Хранитель только рассмеялся, запрокинув голову, а вволю нахохотавшись, уперся руками в собственные колени и потряс темной гривой волос из стороны в сторону.
— Прекрати, — хмыкнул, глядя на мое пылающее лицо. — Ты сейчас тут пожар устроишь, честное слово. Не паникуй. Я, может, не самый приличный в мире ангел, но я не подсматривал, правда. Мое физическое присутствие Оливке ни к чему, достаточно было накрыть комнату своим полем… Так поздравлять тебя или нет?
— Я пока не определилась, — честно ответила я и поднялась с постели, закономерно решив, что поспать мне сегодня все равно не дадут, стремительно упаковала себя в халат, который Дуная выдала Павлику, и только после этого смогла, наконец, нормально и без смущения посмотреть Афиногену в глаза.
— Что ты здесь делаешь?
— Как что? — Афиноген по-клоунски развел руками, — а как же моя дипломная работа? Интересы
Я небрежно махнула рукой, пробормотав:
— Теперь это моя подопечная… — и в тот же миг зеленая бабочка щекотно взлетела с моего запястья, заставив Афиногена побледнеть.
— Что ж ты такая балда?! — выругался ангел-хранитель и даже зубами скрипнул, а потом просто исчез. Растворился в воздухе, не прощаясь и не объясняя причин своего нелицеприятного высказывания в мой адрес.
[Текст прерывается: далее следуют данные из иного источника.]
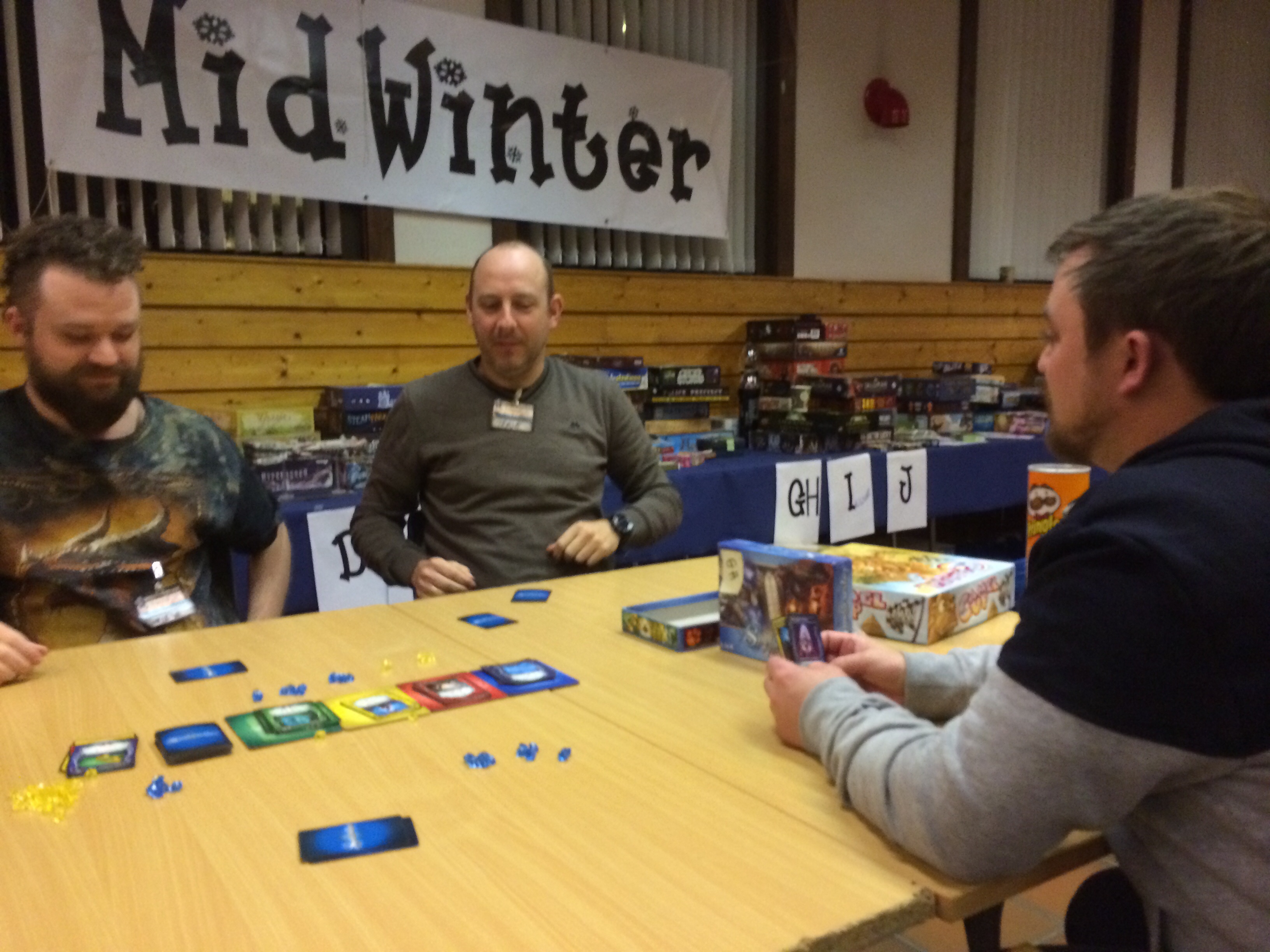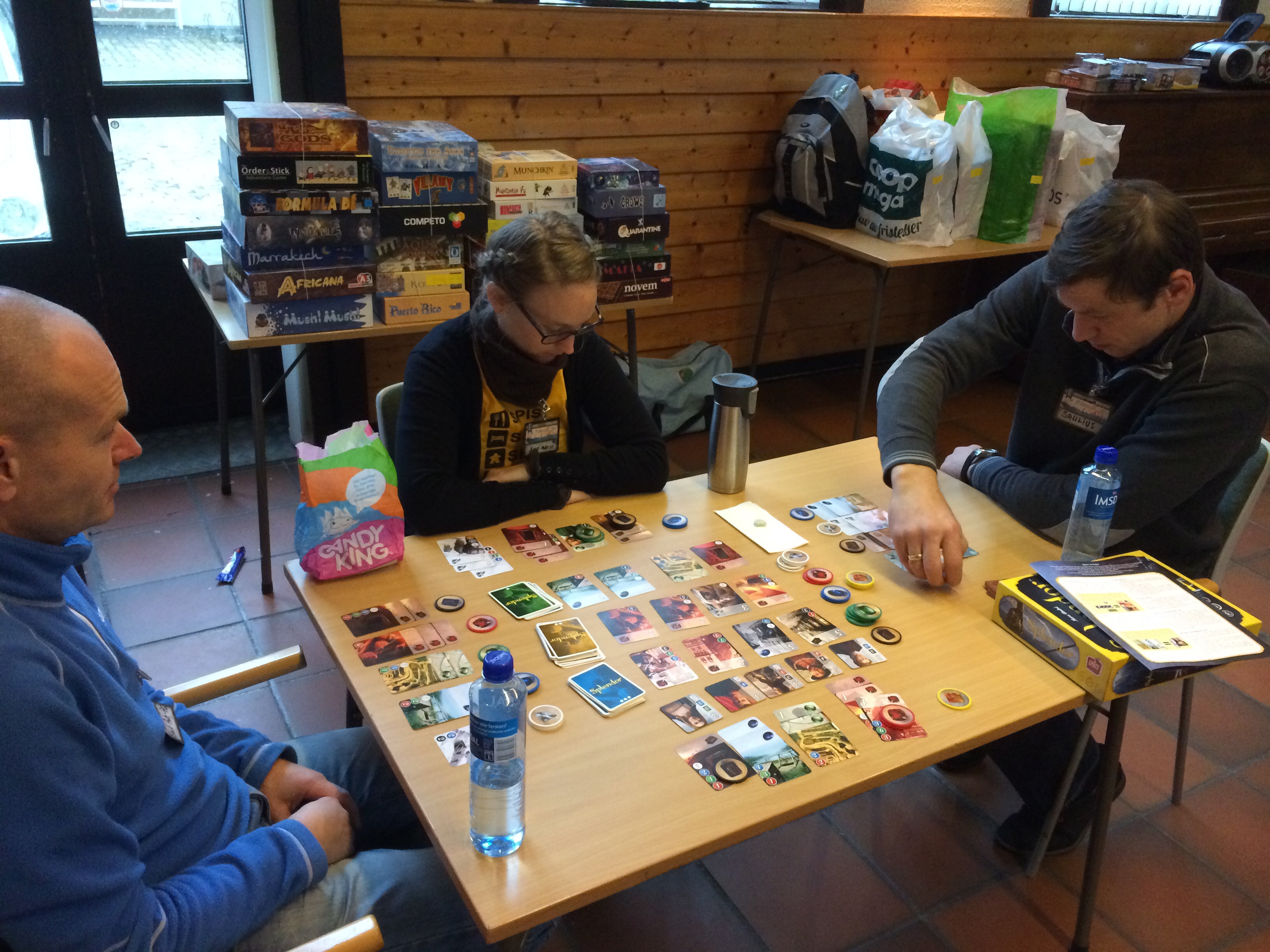 8 PGere hadde tatt turen til Haugesund, ikke for sild og potet, men for årets høydepunkt – Midwinter VIII. Noen PGere ankom allerede torsdag, og når nyheten nådde Jørpeland at hele 65 spillere var innom da, lurte vi på om det kun ville være ståplasser igjen når vi ankom etter jobb på fredagen. Men, selv med ny rekord av spillere var det fortsatt ledig bord når vi ankom i 17-tiden. På MW er det tradisjon å møte Rossabøs store sønn Terje og spille mest mulig med han, så også denne gangen. Så hvorfor ikke starte med en runde med nye St. Petersburg, et spill begge kjenner fra før, dog kun orginalutgaven. Ingmar tok jobben som regelleser av det nye gule markedet, mens Per ble rekrutert så vi ble 4 spillere. Lilla kort hoppet vi glatt over. Ingmar kjørte aristokratstrategien det han klarte, mens Sveinmain klarte med det nye markedskortene og ta flere poeng enn at Ingmar tok han igjen. Var spillet bedre enn det gamle? Det tok nesten dobbelt så langt tid, og markedet senket farten på spillet betraktelig. Så alt i alt – orginalen er bedre! 6/10 på terningen.

Наверное, я бы заострила на этом больше внимания. Или возмутилась. Или опешила. Или хотя бы сделала себе зарубку подумать об этом, потому что оставлять такие вещи без внимания было не в моих правилах, но как раз этот момент Оливка выбрала для того, чтобы окончательно проснуться, и залитую солнцем спальню огласил басовитый недовольный рев. Моя девочка. Она тоже всегда просыпается в дурном настроении. Повезло Павлику. Две таких красавицы-привереды, и обе его. Тут я прямо подавилась своей мыслью и даже рот рукой прикрыла, пораженная и растерявшаяся даже не от того, что сама об этом подумала, не от того, что такая идея вообще могла прийти мне в голову, а, скорее, от того, что мысль о том, что я — ну, и Оливка, конечно, тоже, — что мы обе теперь принадлежим кому-то, вместо привычного отторжения, чувства тошноты и головокружения, вместо ярости и красной пелены перед глазами, вместо желания рвать зубами трепещущую теплую плоть, упиваясь солоноватым вкусом крови… Эта мысль вызвала томление в членах и глупую улыбку.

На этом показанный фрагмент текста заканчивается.